Nevzat Çeliğin saçlarına yıldız düşmüş anne... koparma anne... dizeleri.
Bahar döndü yaza, yaz döndü kışa...
Hodağ oldu delikanlı onbirinci boyun öküzü koştu kotana. Babası onla iftihar ederdü.
Bir boynu vardı ki akla zarar. Çamuşlarda boyun, öküzlerde boyun boyunduruku tarife ne lüzum? İnsanlarda, pehlivanda boyun. Hodağta boyun, gerdan pek rasgelinmiş değilsede hodağ eskisi bu delğanlı babayiğit bir çalıma sahipti. Yaratılış mucibince.
- Kız canan kurban kız can! Ne olur ao elin tutem! Nişanlısına dedi bu sözü. İki yıllık yavuklusuna yalvar yakar elini tutamıyordu. Çok istiyordu çılgıncana!
Zülüş’ü allah elimden almasın vermerdi ki elini oğlan bir tutsun, sıksın! Baksın, ne men şeydir? Halbum bir el, öz eli gibi? Cahil eşşek bagada samanını yememiş. Gitmiş bacanın dibinde gagaçları kemirmiş, onun muadili hikaye!

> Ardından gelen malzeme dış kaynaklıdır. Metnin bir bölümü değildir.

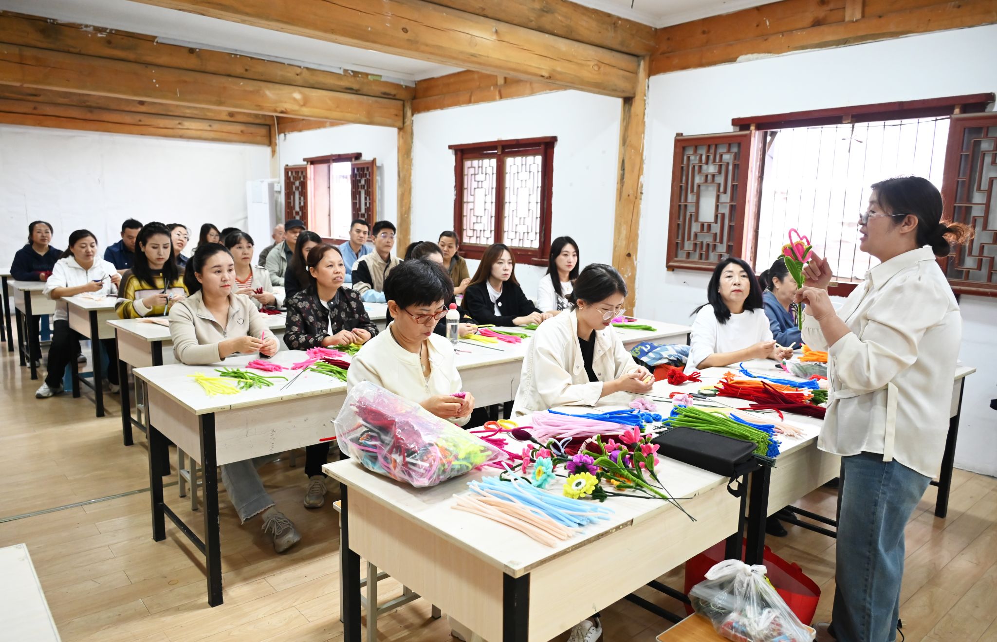 活动现场,洋溢着欢乐温馨的氛围。在绒花制作环节,绒花制作技艺传承人细致讲解绒花的历史渊源与制作技艺,每一位参与者认真聆听,仔细观察,随后迫不及待地动手尝试。从勾条、打尖到传花,每一个步骤都充满挑战,但大家相互交流、互相帮助,在欢声笑语中逐渐掌握了制作技巧。不一会儿,一朵朵色彩明艳、形态逼真、充满浪漫情调的爱心玫瑰在她们手中绽放。

Liseyi yarıda bıraktı. Abu kıza abayı yaktıya. İlle evleneceğim. Coğrafya dersinde harita hazırlayamayınca işin tillesi koptu. Derler: bence bir fikir serdetmeme gerek olur mu? Bilmem ama o olayı anlatalım isterseniz.
Kız elin ver elin tutayım. Kız: Kayalara gideğ orda verecem. Kayalıkta sıkarsın,dedi.
Kayalığı geçtiler: AĞAR YILDIZLAR GİBİ.
Baban goru kız ver de sıkayım avuçların, avucum kaşındı. Naolur yav?
Düze ineğ düz de verecem dedem goru! dedi gene yaldattı. Gine vermedi a dostlar!
Düzde döşte verecem dedi döş’e geldiler: İki personel ,iki yavuklu, iki can, iki seven...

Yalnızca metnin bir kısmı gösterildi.